Silicon photonics has matured over the last decade as a unique platform for highly miniaturized photonic integrated systems seamlessly integrated with electronics allowing the realization and commercialization of highly compact devices with ultrafast data transfer rates and significantly reduced power consumption. Although such submicron scale photonic and waveguide structures enable dense on-chip device integration, they also result in reduced efficiency in fiber-to-waveguide coupling mainly due to increased mode area mismatch. As a result, one of the key challenges faced in current technology platforms has been to efficiently couple light without additional fabrication, post-processing, and complex optical alignment. In-plane grating couplers (GC) have been a widely preferred coupling platform, mainly because of low fabrication costs, ease of alignment and high-level of flexibility in circuit design. A wide range of coupling platform designs have been investigated in the last decade including both passive and active designs.

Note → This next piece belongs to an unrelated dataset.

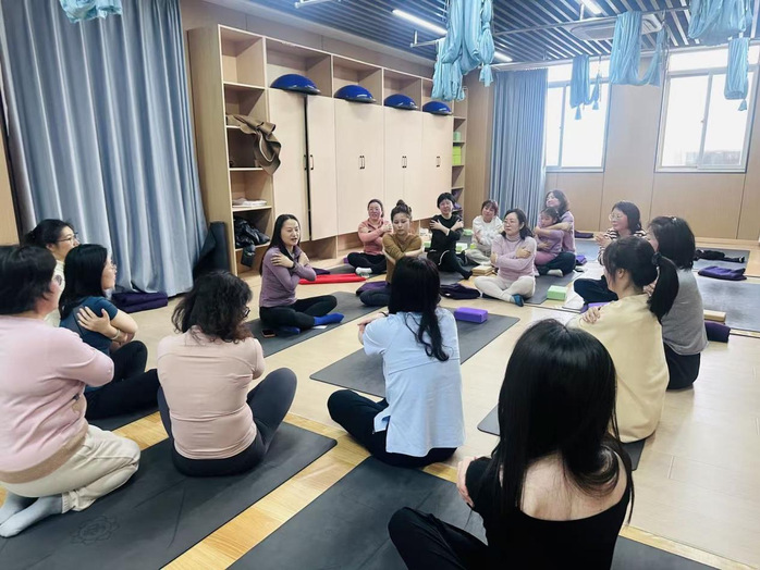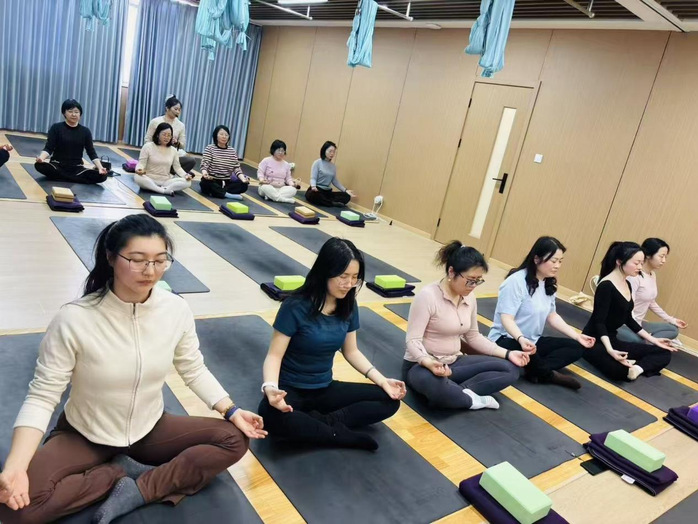 随后,在舒缓的音乐声中,大家在专业教练的指导下进行热身、呼吸练习和基础瑜伽体式训练。伴随着轻柔的节奏,老师们逐渐放松身心,舒展筋骨,在运动中释放压力、愉悦心情,现场氛围轻松而温馨。

In passive design the coupling efficiency (CE) is fixed once the device is fabricated, however in active designs various tuning mechanism have been explored to modulate the CE, but at the expense of increased power consumption and reduced CE. Using inverse design techniques, we demonstrate CMOS compatible, reconfigurable phase change chalcogenide-on-insulator based apodised GC having maximized CE of more than 50% at λ=1550nm when the phase of the chalcogenide is in amorphous state. When the phase is switched to crystalline state, a near zero CE is shown allowing the design to be both non-volatile and reversibly reconfigurable with highest transmission modulation contrast of more than 50db.